Di negara Taiwan, ada
seorang pemuda bernama A be (bukan nama sebenarnya). Dia anak yg cerdas,
rajin dan cukup tampan.
Baru beberapa tahun lulus dari kuliah dan bekerja di sebuah perusahaan
swasta, dia sudah dipromosikan ke posisi manager. Gajinya pun
lumayan.Tempat tinggalnya tidak terlalu jauh dari kantor.
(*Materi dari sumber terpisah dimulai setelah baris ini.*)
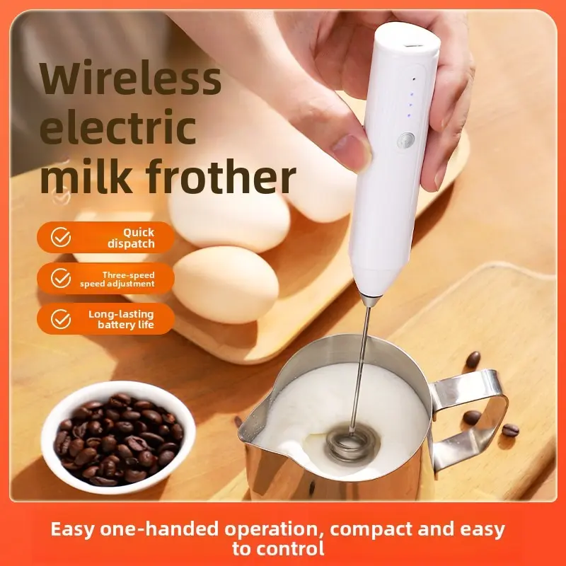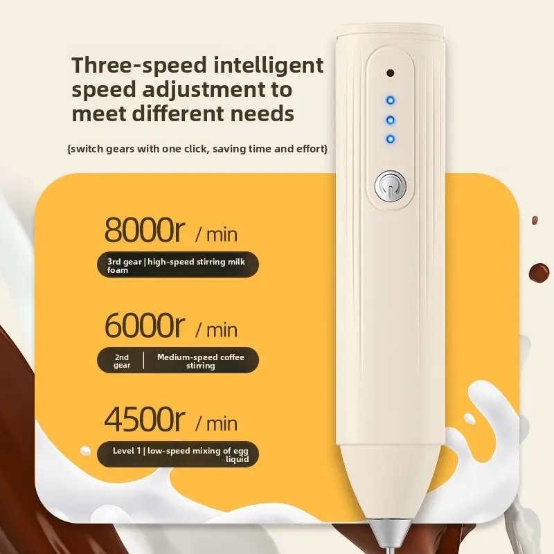 Electric Milk Frother Handheld with 3-Speed Adjustable Whisk, Fast Frothing Coffee Tools, Portable Wireless Foam Maker for Hot & Cold Drinks

Tipe orangnya yang humoris dan gaya hidupnya yang sederhana membuat
banyak teman2 kantor
senang bergaul dengan dia, terutama dari kalangan wanita single. Bahkan
putri owner perusahaan tempat ia bekerja juga menaruh perhatian khusus
pada A be.
Di rumahnya ada seorang wanita tua yang tampangnya seram sekali.
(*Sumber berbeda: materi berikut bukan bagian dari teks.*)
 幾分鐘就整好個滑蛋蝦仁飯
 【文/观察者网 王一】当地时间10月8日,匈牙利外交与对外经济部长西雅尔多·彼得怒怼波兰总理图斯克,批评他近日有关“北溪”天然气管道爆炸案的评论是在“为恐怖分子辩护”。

Sebagian kepalanya botak dan kulit kepala terlihat seperti borok yang
baru mengering. Rambutnya hanya tinggal sedikit di bagian kiri dan
belakang. Tergerai seadanya sebatas pundak. Mukanya juga cacat seperti
luka bakar. Wanita tua ini
betul2 seperti monster yang menakutkan. Ia jarang keluar rumah bahkan
jarang keluar dari kamarnya
kalau tidak ada keperluan penting.
Wanita tua ini tidak lain adalah Ibu kandung A Be. Walau demikian, sang
Ibu selalu setia melakukan
pekerjaan routine layaknya ibu rumah tangga lain yang sehat. Membereskan
rumah, pekerjaan dapur,
cuci-mencuci (pakai mesin cuci) dan lain-lain. Juga selalu memberikan
perhatian yang besar kepada
anak satu2-nya A be. Namun A be adalah seorang pemuda normal layaknya
anak muda lain.
Kondisi Ibunya yang cacat menyeramkan itu membuatnya cukup sulit untuk
mengakuinya.
Setiap kali ada teman atau kolega business yang bertanya siapa wanita
cacat dirumahnya, A be selalu menjawab wanita itu adalah pembantu yang
ikut Ibunya dulu sebelum meninggal. “Dia tidak punya saudara, jadi saya
tampung, kasihan.” jawab A be. Hal ini sempat terdengar dan diketahui
oleh
sang Ibu. Tentu saja ibunya sedih sekali. Tetapi ia tetap diam dan
menelan ludah pahit dalam hidupnya. Ia semakin jarang keluar dari
kamarnya, takut anaknya sulit untuk menjelaskan pertanyaan mengenai
dirinya.
Hari demi hari kemurungan sang Ibu kian parah. Suatu hari ia jatuh sakit
cukup parah. Tidak kuat bangun dari ranjang. A be mulai kerepotan
mengurusi rumah, menyapu, mengepel, cuci pakaian, menyiapkan segala
keperluan sehari-hari yang biasanya di kerjakan oleh Ibunya. Ditambah
harus menyiapkan obat-obatan buat sang Ibu sebelum dan setelah pulang
kerja (di Taiwan sulit sekali cari pembantu, kalaupun ada mahal sekali).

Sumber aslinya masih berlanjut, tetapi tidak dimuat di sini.